The Log Analyzer Script

We now need to write the rest of the script. Our example will simply record the number of each type of status code and e-mail this to the administrator. If you use this script, you might want to include other statistics as well:

    <?php
    set_time_limit(0); // Force this script to run without a time limit

    /* -- Variables used in the script -- */
    $logfile = "./access.log";
    $admin_email = "admin@localhost";

    function tokenizeLine($line)
    {
        $line = preg_replace("/(\[|\]|\")/", "", $line);
        $token = strtok($line, " ");
        while ($token) {
            $token_array[] = $token;
            $token = strtok(" ");
        }
        $return_array['IP'] = $token_array[0];

        if (!(strstr("-", $token_array[2])) and (strlen($token_array[2]) > 1)) {
            $return_array['UserName'] = $token_array[2];
        }

        preg_match("/([\/a-zA-Z0-9]+)[\:]([0-9:]+)/",
                    $token_array[3],$date_array);
        $return_array['Date'] = $date_array[1];
        $return_array['Time'] = $date_array[2];
        $return_array['TimeZone'] = $token_array[4];
        $return_array['RequestMethod'] = $token_array[5];
        $return_array['Resource'] = $token_array[6];
        $return_array['HTTPVersion'] = $token_array[7];
        $return_array['StatusCode'] = $token_array[8];
        $return_array['BytesSent'] = $token_array[9];
        return $return_array;
    }

The script reads each line of the log file into an array called $file_contents:

    $file_contents = file($logfile);

It then loops through the array passing each line to the tokenizeLine() function and then increments a counter for each status code:

    foreach ($file_contents as $line) {
        $info_array = tokenizeLine($line);
        $status_code[$info_array['StatusCode']]++;
    }

The script then creates the text for the e-mail, and finally sends it to the administrator:

    $email = "Summary of codes for todays logs\n\nCode\tCount\n";

    foreach ($status_code as $code => $count) {
        $email .= "$code:\t$count\n";
    }

    mail($admin_email, "Summary of weblogs", $email);
    ?>

For ease of use, we want to automate the running of this script so that it runs every night at midnight. To do this under Linux we use cron, and under Windows NT/2000 we use the AT command. I will deal with cron first.

cron

cron is a way of automating tasks under Linux/UNIX. The cron daemon looks at each user's crontab file every minute and checks to see if it needs to perform any actions. The systems administrator (or any user for that matter) can use it to automate tasks such as running the script above.

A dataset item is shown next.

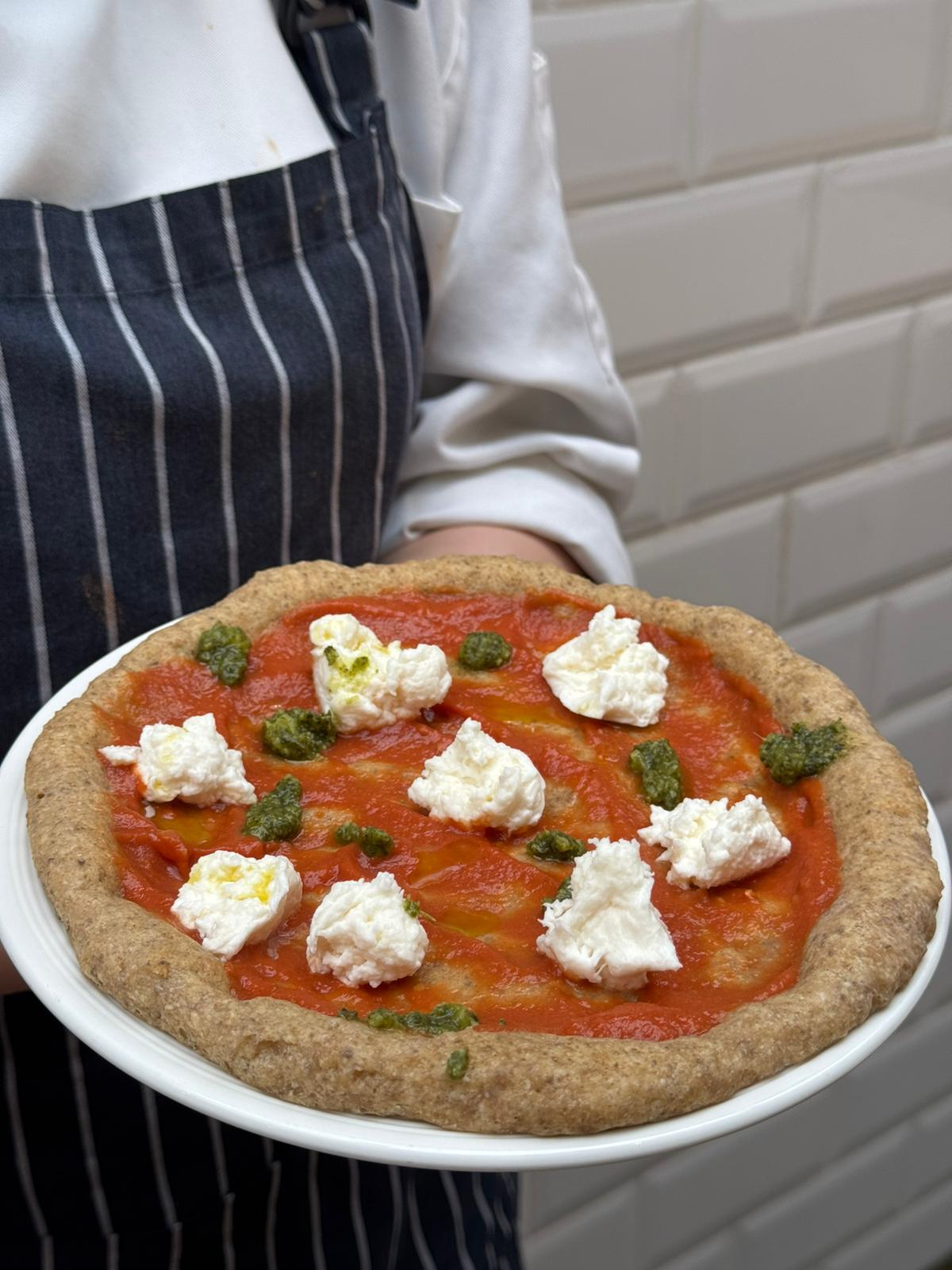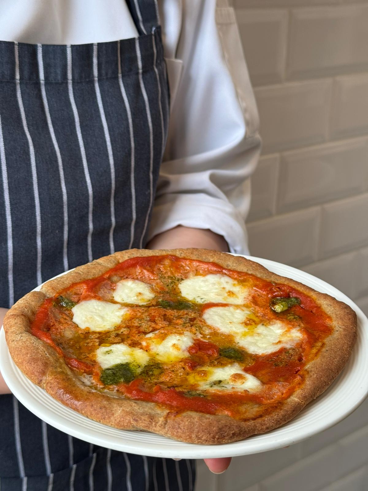 Served Frozen. Good for one. Made with house made tomato base, house made pesto, mozzarella.
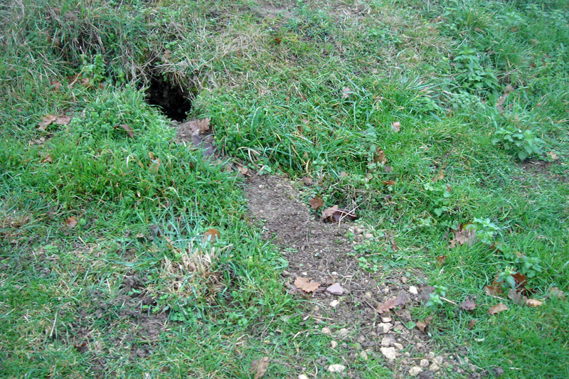 Ce terrier a été creusé dans un niveau peu cohérent et sableux du Calcaire de Blainville ; des fragments de calcaire ont été rejetés avec la terre déblayée. |

A crontab entry has six fields. The first five are used to specify the time that an action should take place; the last specifies the command that should be run by the cron daemon. Each of the time fields specifies a value that must be matched to the current system time for the command to run. They can also contain the wild card * to run the command at any time where all the other fields match.

The first field specifies the number of minutes past the hour (0-59) that the command should be run. The second field specifies the hour of the day the command should be run (0-23), the third field specifies the day of the month (1-31), the fourth the month of the year (1-12), and the fifth the day of the week (0-6, where 0 is Sunday). You may find more detailed information about the crontab command at http://hoth.stsci.edu/man/man1/crontab.html.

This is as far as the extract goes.